Meanwhile their minds seem to be moving in fatuous directions. When Queen Yolande visited me today she spoke mainly of a report from some small garrison town on the Meuse. The report puts forward the merits of a country girl who makes predictions and has offered to take the king to Rheims, not before liberating Orleans. A military sibyl, Yolande called her. The Queen went on to say that although such people always abound in times of emergency it could be useful to have a prophetess on the staff, so to speak, to encourage Charles perhaps. If only this girl were the right sort of person, said the Queen. I asked what the right sort of person was.

  She replied, the girl has to be a virgin, it is necessary for a prophetess to be a virgin. Otherwise there was no sure way of telling where her prophecies came from, heaven or hell.

  She admitted that this girl was probably unsuitable. The courier who brought the despatch says there is a rumour that the girl is the area commander’s mistress. As Queen Yolande confessed this her disappointment was genuine and so, sad to behold.

  Charles stays close to his bed all day, except for hearing three consecutive Masses at mid-morning. If anyone mentions Orleans he closes the bed-curtains and sleeps for the rest of the day …
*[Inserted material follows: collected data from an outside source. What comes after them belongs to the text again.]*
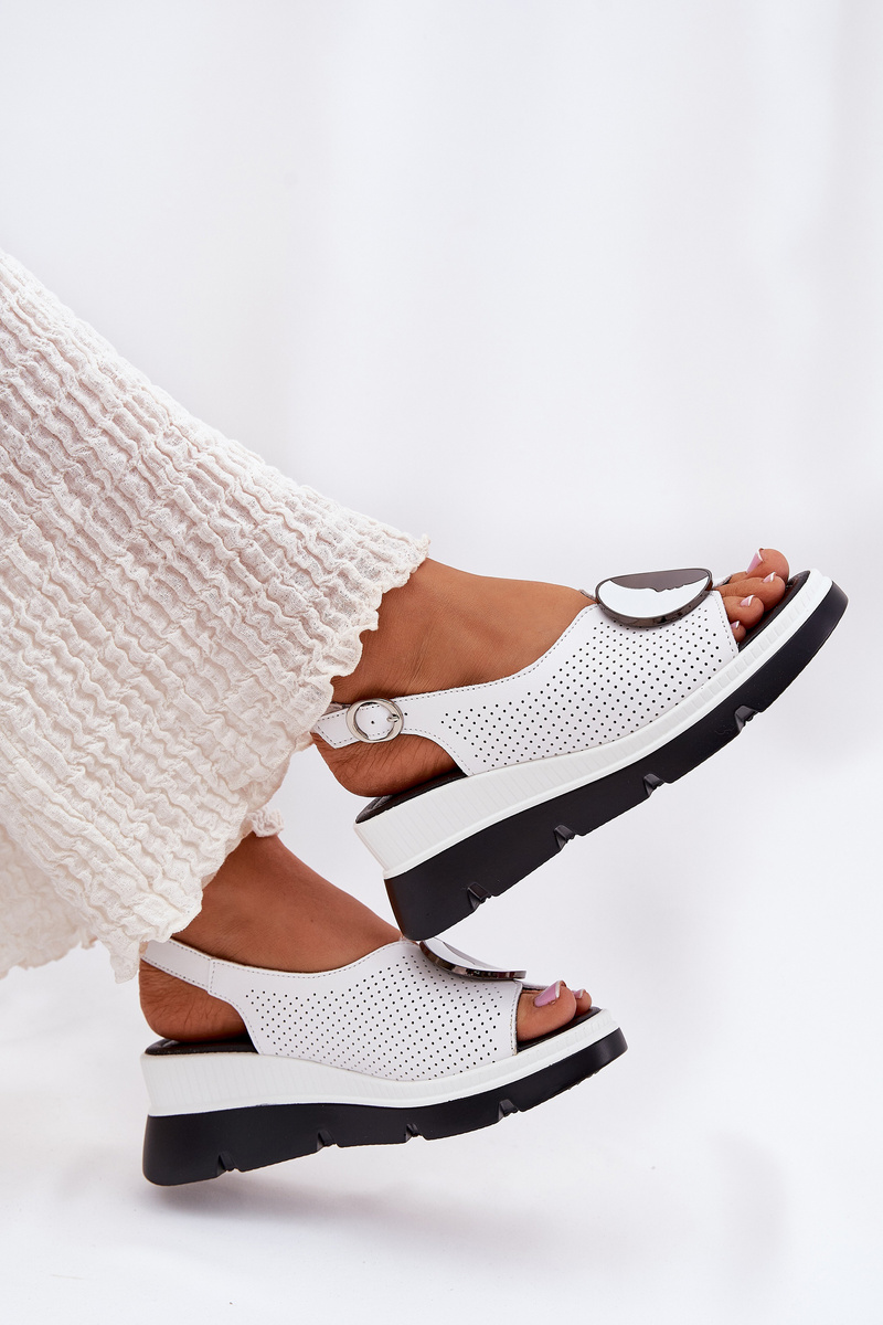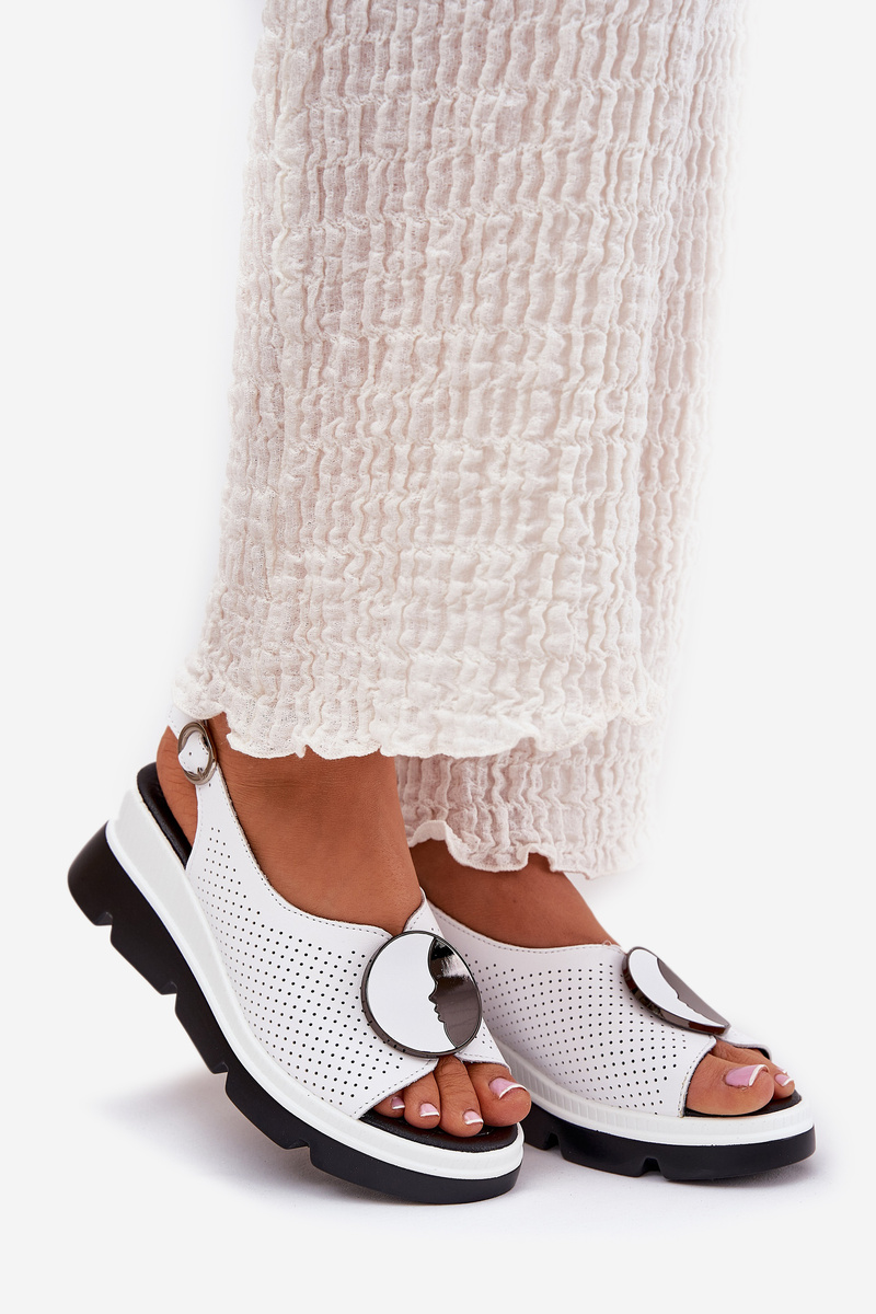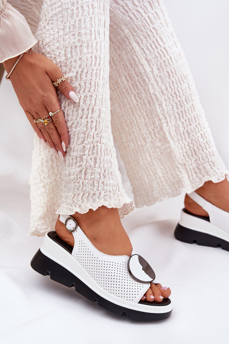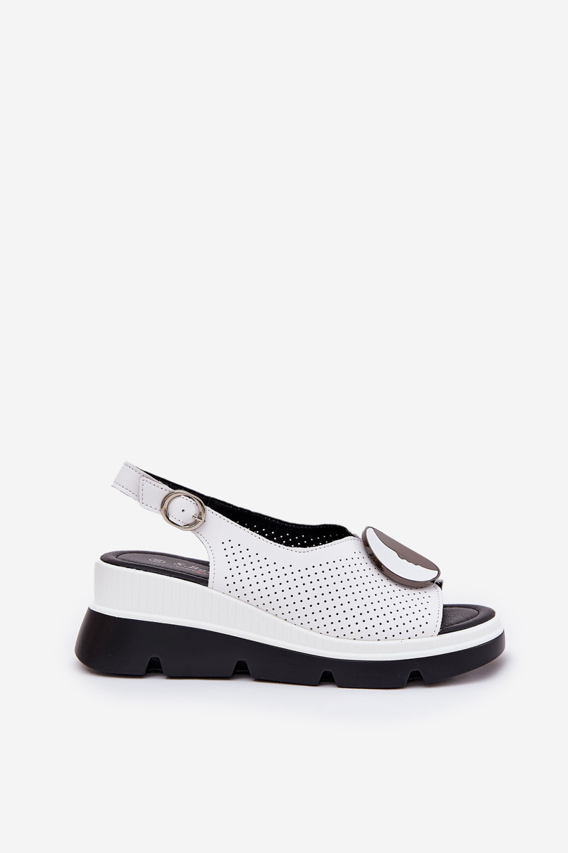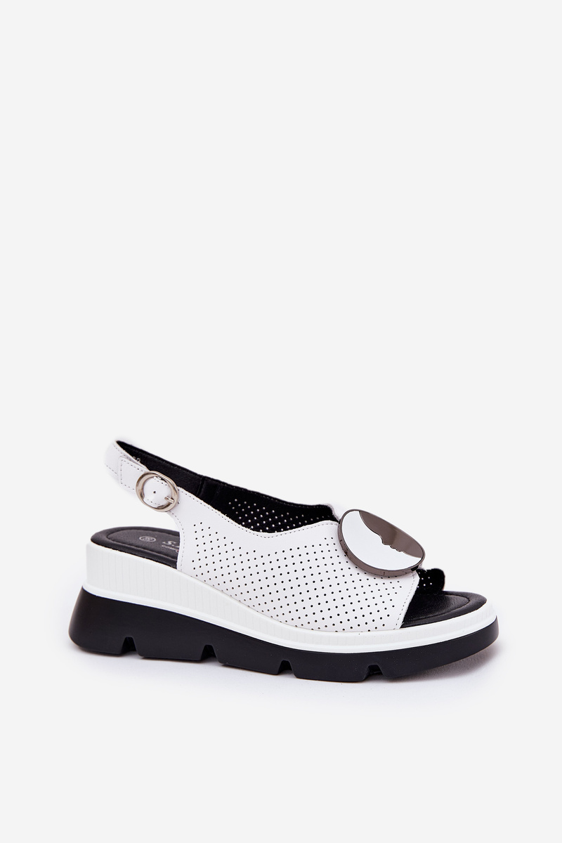 Kožené Dámske Sandále Na Klíne S Ozdobou S.Barski LR51-788 Biele
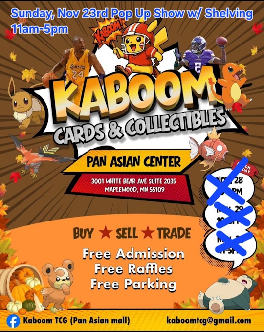 We strive to have every single card show, trade night, and autograph signing in the state and bordering communities all here in one spot. If you are aware of any events that we don’t have listed, please email info@cardsota.com and we’ll get it added right away!
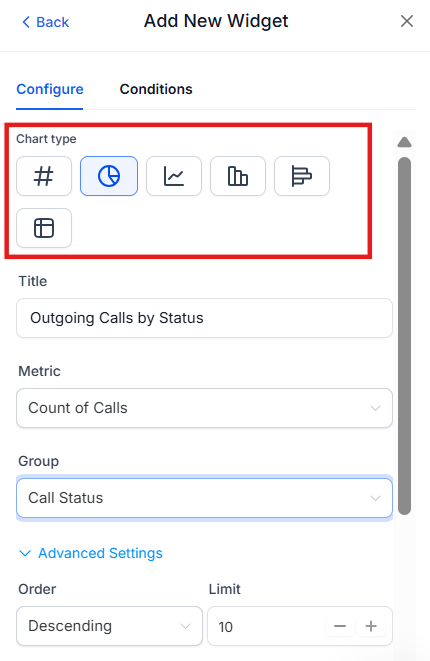 Question: What chart types are available for call widgets?
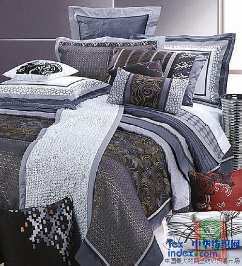 此款設(shè)計(jì)采用、體現(xiàn)了傳統(tǒng)與浪漫、古典與現(xiàn)代相融合的手法與風(fēng)格,緊扣主題。圖案母題選擇了變形的傳統(tǒng)卷草紋樣與中國園林木窗花格,作為主設(shè)計(jì)元素。而靠墊上的長方格及漸變圓點(diǎn)等計(jì)算機(jī)圖形,則突出了現(xiàn)代和時(shí)尚的特點(diǎn),色彩以灰色為主調(diào),妃色、金黃色等作局部對(duì)比,產(chǎn)生了即統(tǒng)一、協(xié)調(diào)又活潑、豐富的藝術(shù)效果。面料采用高檔的提花色織紡織品,一些細(xì)則應(yīng)用先進(jìn)的彈力繡花工藝,更提高了產(chǎn)品的檔次與品位。套件的枕頭、靠墊上有些花形與主圖案的相關(guān)性與系列配套感稍顯不足。

  To my honoured etc., by the same despatch bag.

  Dated 13 February 1429

  Lent has begun with what seems at first sight an Armagnac disaster. Yesterday, the first Sunday of Lent, a French army was routed in the open field. The details, as far as I know them, follow.

  On Saturday night the Bastard-Royal, Jean Dunois, heard in Blois, the mustering area of the French army on the Loire, that an English convoy under Sir John Fastolf was on the Paris road, coming to feed and strengthen the English in the mud outside Orleans.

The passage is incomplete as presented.